C’est qu’il y a un monde sensible qui demande moins à être transformé en produits consommables qu’à en extraire les traces et les montages troublant nos réflexes ordinaires en déranger nos habitudes fixées. C'est en effet parce qu’il y a de l'inouï et de l’invu que peut advenir une communauté de paroles, égales en dignité et partagées à l'épreuve du débat démocratique.
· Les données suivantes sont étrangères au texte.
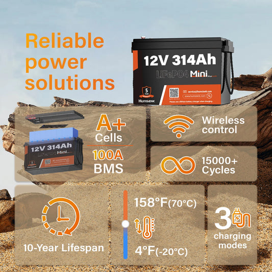Humsienk 12V 20Ah 100Ah 200Ah 314Ah LiFePO4 Battery Rechargeable Cells 15000 Cycle BMS For RV/ Vans/ Camping/ Home Storage/Solar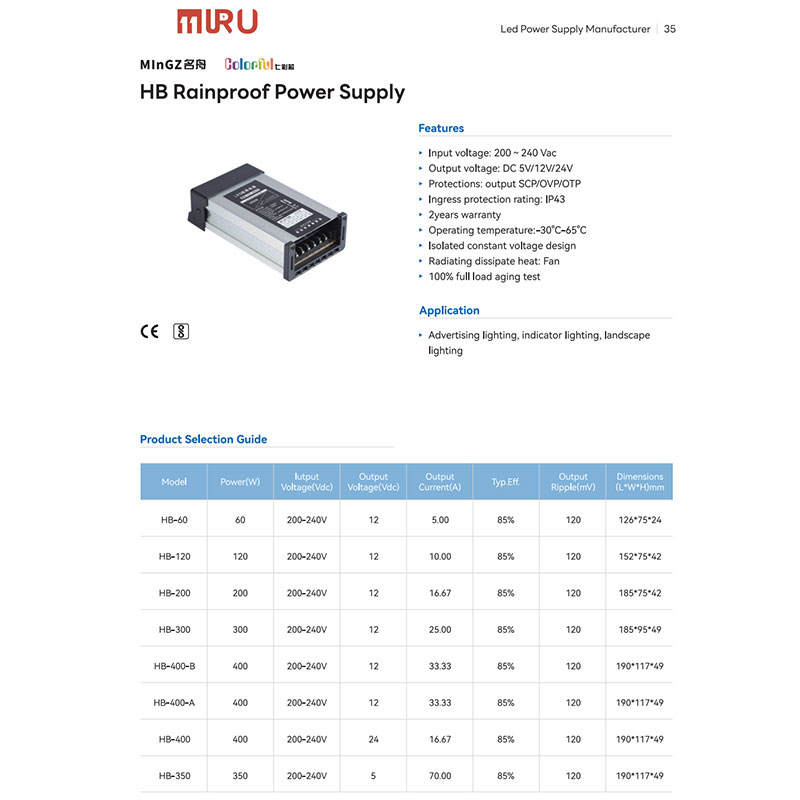 HB-350 350 200-240V 5 70.0 85% 120 190*117*49

Là où règne massivement l'hégémonie du spectaculaire qui participe comme la crise sanitaire à asphyxier le vivant, qui n'est que saturation et anomie, à un bord extrême du spectre avec le bruit (des machines d’abrutissement) et, à l'autre bord, un mélange d'hystérie et d'aphasie (des individus abrutis), il y a du cinéma quand il maintient, contre l'hégémonie du simulacre, le cap documentaire. C'est ainsi qu'avec la part maintenue du documentaire, il y a du cinéma contraire, celui qui offre au spectateur une place difficile, certes toujours balançant entre fascination et distanciation, mais en tout point unique, celle de sa liberté l'invitant à se déplacer entre les places pour en critiquer l'ordre.

 

 

 

La place du spectateur est à tout le monde en n'étant à personne. En participant à la singularité d'un regard protégé des effets de segmentation et de massification, cette place est révolutionnaire.

 

 

 

Jean-Louis Comolli est décédé le 19 mai 2022, il avait 80 ans. On se souviendra toujours de son passage parmi nous à la médiathèque, le 20 avril 2013, accompagnant de proverbiale sa générosité la projection de son film De mère en filles (1996). Reste l'œuvre, immense. Avec l'ami Comolli, on n'a pas fini de travailler, quel bonheur. La tristesse n'abolit pas la joie, celle de savoir les fantômes à venir, ces revenants qui ont de l'avenir.

 

 

 

Le fantôme n'a pas fini de s'entretenir avec nous. L'entretien infini avec les spectres, qui sont des revenants sans compter, le promet : l'avenir est à eux, l'avenir est à lui.